Your task =
Look below for the line with "گلدان بلوری قدیمی طرح برجسته ارتفاع 25 سانت" and the line with "2. Os tamanhos"; repeat exactly those two lines and all lines between them, but no pictures.

[Items listed in a dataset]
————————
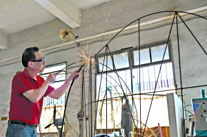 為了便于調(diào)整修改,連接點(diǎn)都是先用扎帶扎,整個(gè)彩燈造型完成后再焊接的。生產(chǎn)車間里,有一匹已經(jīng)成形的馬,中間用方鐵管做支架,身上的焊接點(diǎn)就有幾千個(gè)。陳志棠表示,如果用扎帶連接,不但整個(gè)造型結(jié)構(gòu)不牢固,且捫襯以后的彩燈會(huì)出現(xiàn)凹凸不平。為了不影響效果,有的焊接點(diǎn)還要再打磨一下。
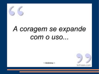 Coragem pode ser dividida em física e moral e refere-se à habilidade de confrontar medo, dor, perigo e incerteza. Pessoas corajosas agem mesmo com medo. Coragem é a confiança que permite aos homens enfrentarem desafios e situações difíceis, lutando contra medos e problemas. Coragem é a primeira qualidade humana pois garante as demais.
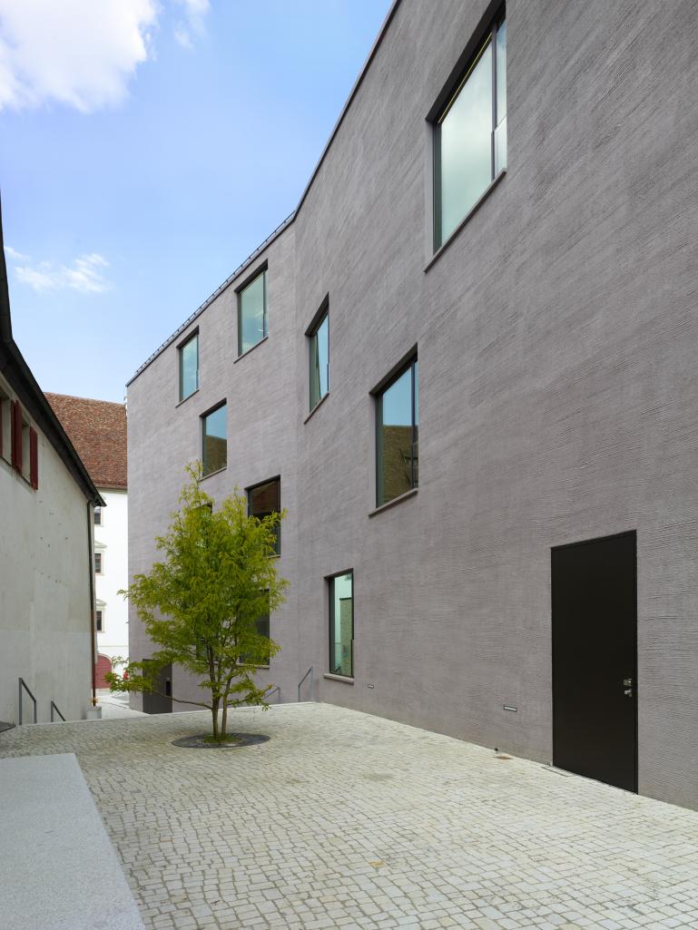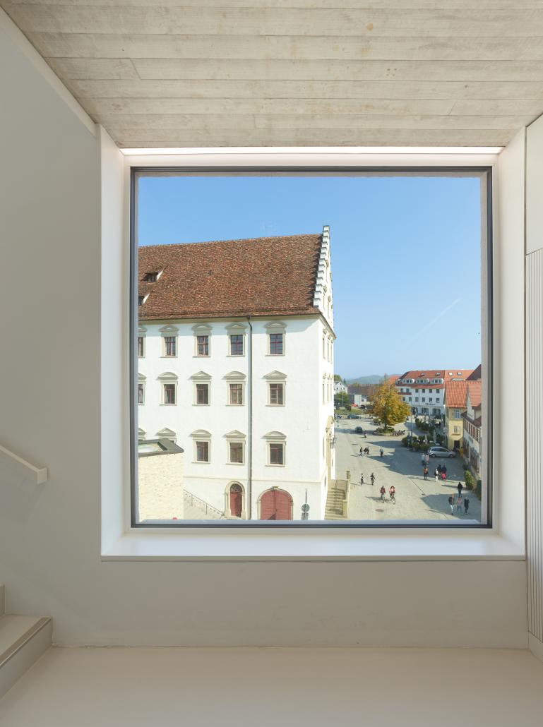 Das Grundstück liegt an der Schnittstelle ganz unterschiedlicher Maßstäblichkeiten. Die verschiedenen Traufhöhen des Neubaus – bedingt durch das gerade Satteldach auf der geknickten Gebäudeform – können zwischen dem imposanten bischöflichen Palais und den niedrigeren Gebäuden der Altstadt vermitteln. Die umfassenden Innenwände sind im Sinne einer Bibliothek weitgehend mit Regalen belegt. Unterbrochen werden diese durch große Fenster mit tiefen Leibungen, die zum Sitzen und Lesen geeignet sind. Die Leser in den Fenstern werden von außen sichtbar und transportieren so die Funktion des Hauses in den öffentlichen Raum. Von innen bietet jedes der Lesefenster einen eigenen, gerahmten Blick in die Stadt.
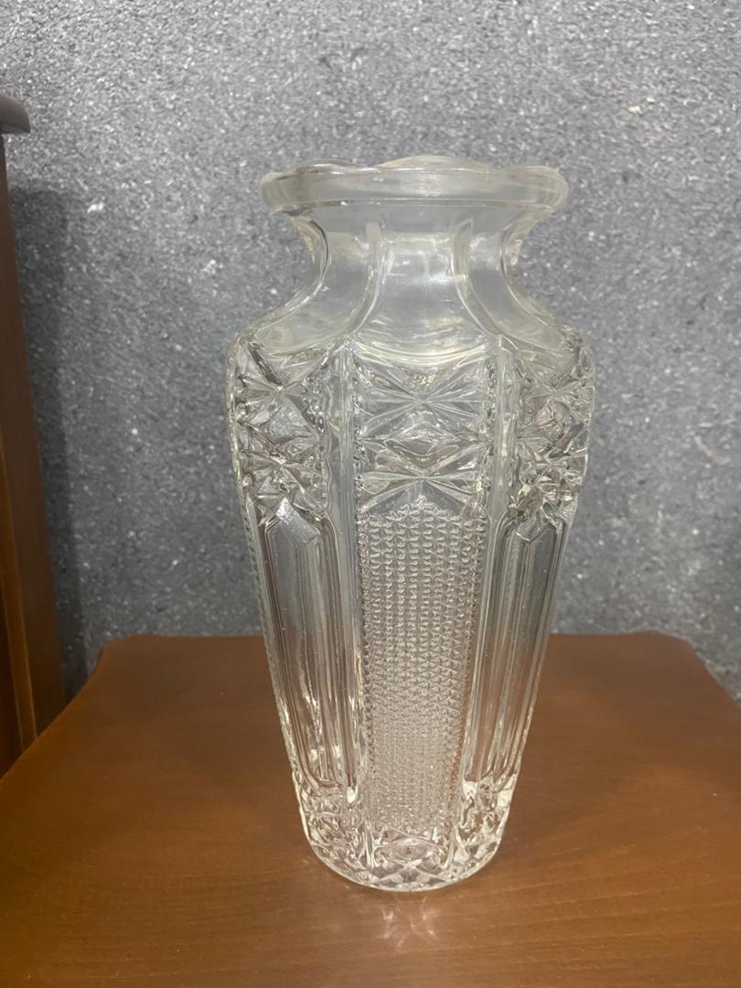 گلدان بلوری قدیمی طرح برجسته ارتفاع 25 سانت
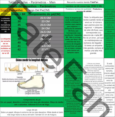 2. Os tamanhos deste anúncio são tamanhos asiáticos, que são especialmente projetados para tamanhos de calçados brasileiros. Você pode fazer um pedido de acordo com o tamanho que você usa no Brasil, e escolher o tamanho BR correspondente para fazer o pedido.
————————
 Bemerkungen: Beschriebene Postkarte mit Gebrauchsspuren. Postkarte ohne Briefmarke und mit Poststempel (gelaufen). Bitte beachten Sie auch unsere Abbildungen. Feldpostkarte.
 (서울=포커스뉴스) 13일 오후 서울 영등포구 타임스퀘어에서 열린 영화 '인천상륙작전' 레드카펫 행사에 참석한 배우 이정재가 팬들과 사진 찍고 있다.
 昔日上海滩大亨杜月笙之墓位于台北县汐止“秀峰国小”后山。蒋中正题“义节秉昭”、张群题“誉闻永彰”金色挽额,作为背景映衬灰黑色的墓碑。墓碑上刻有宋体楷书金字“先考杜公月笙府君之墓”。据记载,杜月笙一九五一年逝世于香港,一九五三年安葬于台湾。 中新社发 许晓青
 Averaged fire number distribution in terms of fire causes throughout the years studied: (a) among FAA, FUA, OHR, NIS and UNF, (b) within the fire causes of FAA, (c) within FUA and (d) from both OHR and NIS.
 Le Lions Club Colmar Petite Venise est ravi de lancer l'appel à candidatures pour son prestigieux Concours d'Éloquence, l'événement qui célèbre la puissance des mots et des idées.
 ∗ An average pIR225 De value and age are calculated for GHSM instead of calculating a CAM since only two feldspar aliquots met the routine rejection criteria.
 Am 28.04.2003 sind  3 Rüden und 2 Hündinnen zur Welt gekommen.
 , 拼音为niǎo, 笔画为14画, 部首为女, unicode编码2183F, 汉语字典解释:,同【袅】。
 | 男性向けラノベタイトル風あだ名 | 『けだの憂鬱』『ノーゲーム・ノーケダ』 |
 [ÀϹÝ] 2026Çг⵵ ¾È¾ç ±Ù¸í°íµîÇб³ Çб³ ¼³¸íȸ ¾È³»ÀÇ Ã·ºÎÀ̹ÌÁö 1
————————
Task output =
 گلدان بلوری قدیمی طرح برجسته ارتفاع 25 سانت
 2. Os tamanhos deste anúncio são tamanhos asiáticos, que são especialmente projetados para tamanhos de calçados brasileiros. Você pode fazer um pedido de acordo com o tamanho que você usa no Brasil, e escolher o tamanho BR correspondente para fazer o pedido.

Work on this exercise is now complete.